The St. Clement Church was a Catholic church from the 10th century until 1802 in the area of ​​the Werden Abbey outside the monastery and city walls in Essen - Werden . In addition to a separate church attached to the westwork of the abbey church , the Marienkirche ("turris sanctae Mariae") and the Lucius church for the northern parish, it served in the southern area - the later Honschaft Heidhausen - the parish church services. Its ruin has been entered in the list of monuments of the city of Essen as an architectural monument since July 10, 1986, and as a ground monument since September 8, 1994 .

state of research

Previous buildings

Presumably under Abbot Wigger (930-940), the first construction work began, in which initially only a collecting basin measuring 30 by 50 centimeters was created to absorb the water of the four springs emerging from the Pastoratsberg at their confluence. Tradition has it that Abbot Wigo (approx. 940–945) was responsible for a second archaeologically proven building. The actual Clemens Church was on May 1, 957 Archbishop Bruno of Cologne , the brother of Emperor I. Otto , consecrated .

The appearance of the structure

It is a three-apsid hall church, a type of building that was common in the diocese of Chur, but not north of the Alps. This type of building can only be found in the previous building of the Hervormde Kerk in Oosterbeek near Arnhem, and here in the Clemenskirche.

A choir , which is very unusual in its design , had been preserved in the final east wall of the transept, which was 1.5 meters high during the excavations in 1895. While the entire length of the east wall formed the end of the church and ran in a straight line on the outside, it has three semicircular niches (apses) inside, the middle 2.06 meters, the two side niches each 1.95 meters wide. Its depth has been increased by 0.46 meters by means of double-stepped templates. Further excavation finds suggest that the choir wall had an architecturally structured design in pilasters .

Effmann's assumption that it was a basilica cannot be maintained after the excavations by Bindings (see below). After that, the mentioned second archaeological building remained as a spring chapel and the three-apsid hall church was built around it. The floor height in the east of the church covered the chapel, which kept a clear room height of 1.75 m.

demolition

After the secularization of the Reichsabtei Werden by Prussia on December 18, 1802, the two Werden parishes St. Lucius and St. Clemens by the Prussian King Friedrich Wilhelm III. repealed and the abbey church declared a parish church of a new parish with two outstations in Heisingen and Kettwig . Robbed of its previous purpose for the parish church service, the Clemenskirche was designated for sale and demolished on November 20, 1817. The Ferber inn was built in Werden from the stones of the demolished church, and in 1857 the St. Josef Catholic Hospital was established there. The walls of the inn have been preserved to this day as the old hospital building. The gable lintel with a relief cross from the inner chapel of the Clement Church was built into these walls; it is now in the treasury of the former abbey church.

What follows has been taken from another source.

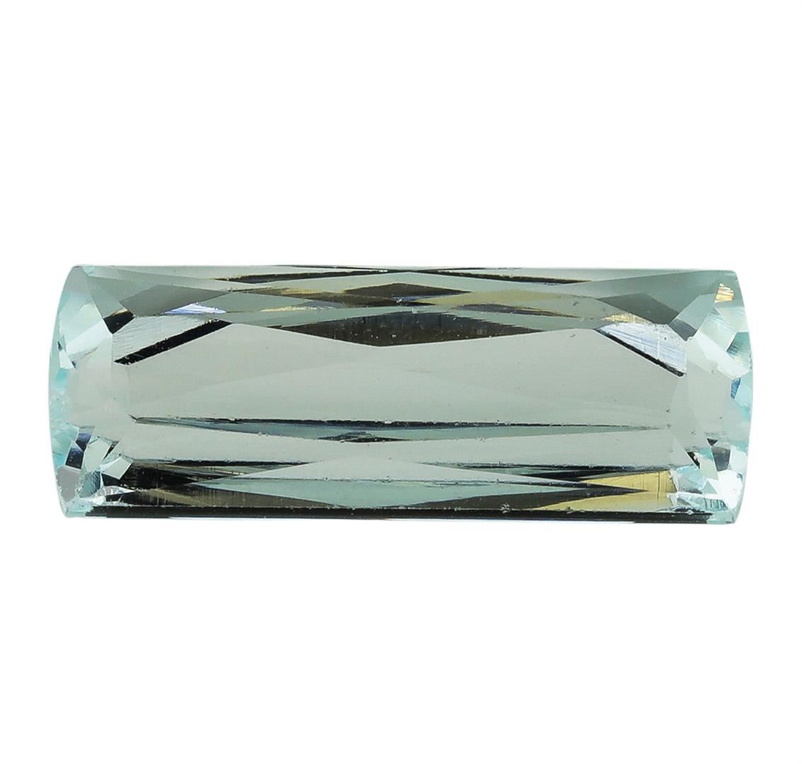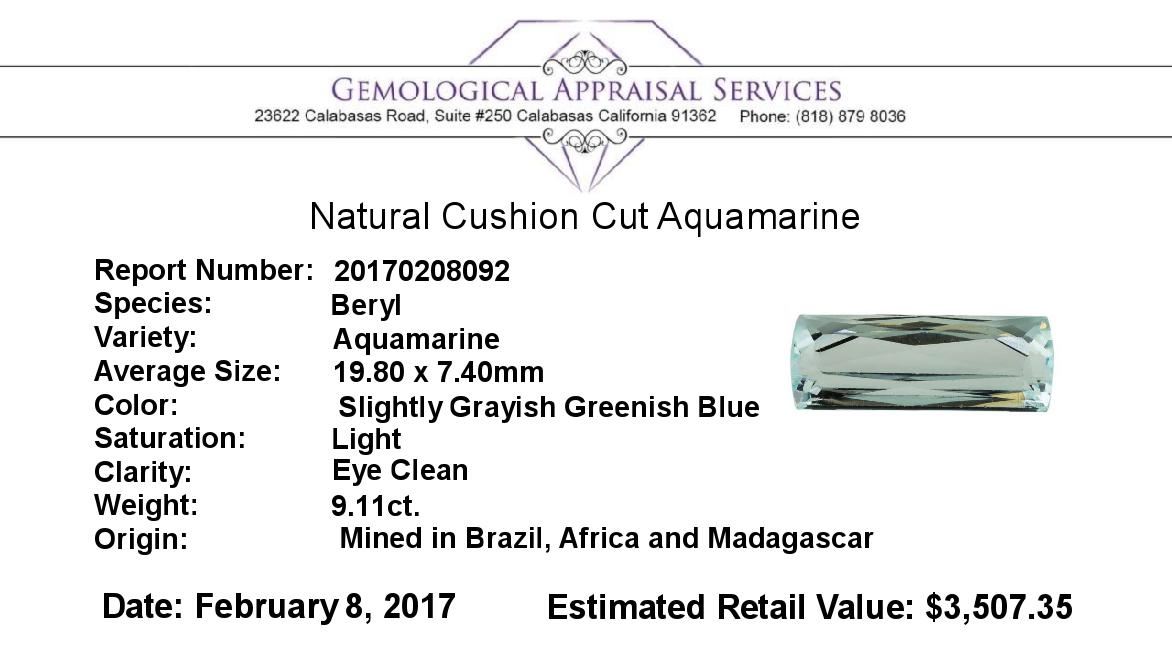 One natural cushion cut aquamarine with an exact weight of 9.11ct., clarity is eye clean, slightly grayish greenish blue, light. Gemological Appraisals Services estimates the retail value at $3507.35 GAS Appraised.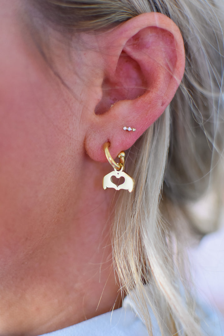 Heart Hand Huggie Hoop Earrings

Excavations and current condition

In 1869 the young Wilhelm Effmann tried to uncover the foundation walls of the demolished church, but later had to confess that he had not dug deep enough. In 1895 another excavation by Effmann led to success: with the exception of the - apparently completely demolished - western wall

"Parts of all the other wall sections still exist, which protrude as rising masonry above the floor of the church."

- Wilhelm Effmann

More recent excavations in 1967/68 under the direction of Günther Binding expanded the knowledge that Effmann had gained.

In 1987/88, Effmann's proposal from 1896 was finally implemented by building up the foundation walls at a height of about one meter and covering them with a layer of plaster to prevent rainwater from entering.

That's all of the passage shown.